From the 1959 film The Drama of Metal Forming

That was really interesting. I throughly enjoyed that.

I had a really good lesson in hot vs. cold rolled after I bought my small ironworker. I had specified cold rolled for a project where I needed to punch thousands of holes in 16 gauge steel. Hot rolled and cold rolled obviously got mixed up. After a while I could hear the difference between the two and knew which was which. Cold rolled "snaps" when punched on a 25 ton ironworker. And because it is a small machine I could literally feel the ductility as the punch entered the die. Hot rolled is "gummy" compared to the snap of cold rolled. You could also see the difference in the plugs that were spat out of the die in the way they deformed. Cold rolled were sharp; hot rolled compressed on the edges and stuck more inside the dies.

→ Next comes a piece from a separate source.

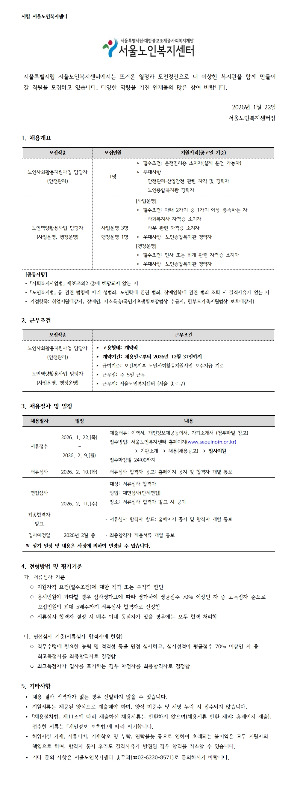 서울노인복지센터 직원 채용 공고(노인사회활동지원사업 담당자, 노인역량활용사업 담당자) ㅣ 서류접수마감
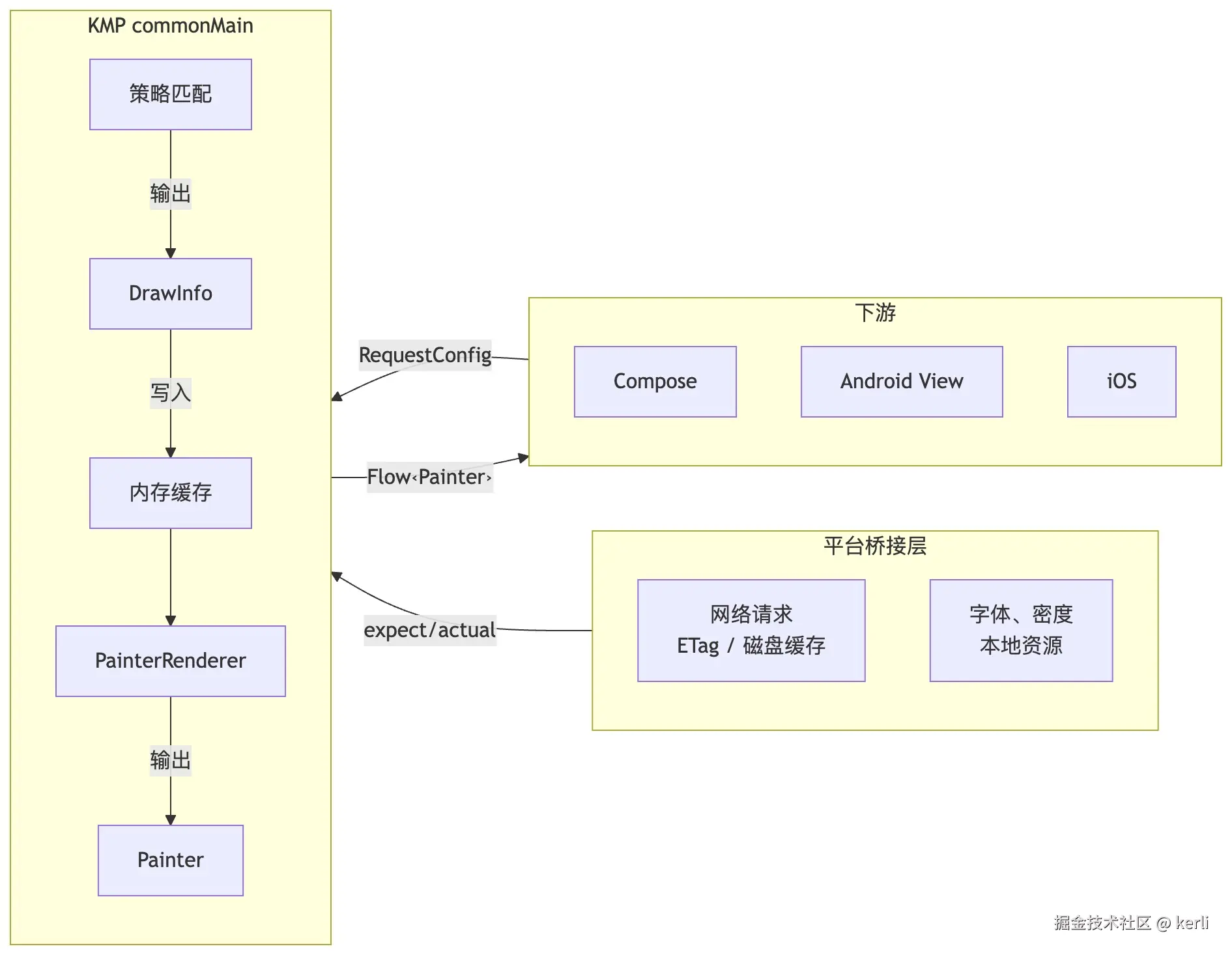 如何设计一个方案,让加载、缓存、自绘逻辑在 commonMain 中共享,同时适配三端的渲染消费方式?

BTW, it is just me, or was the narrator here in almost every educational film ever shown since the dawn of time? His voice transports me to junior high school where the instructor didn't feel like letting us use machines that day so he sat us all down and showed us a film.

Thanks for posting.
 
Yup that was good. That sort of production would impress me even today. I find it that much more amazing that it was happening so long ago.
 
Nice video. I think you're right @CalgaryPT the narrator must have been a very busy guy, because it seems he did every shop instructional video that I can recall.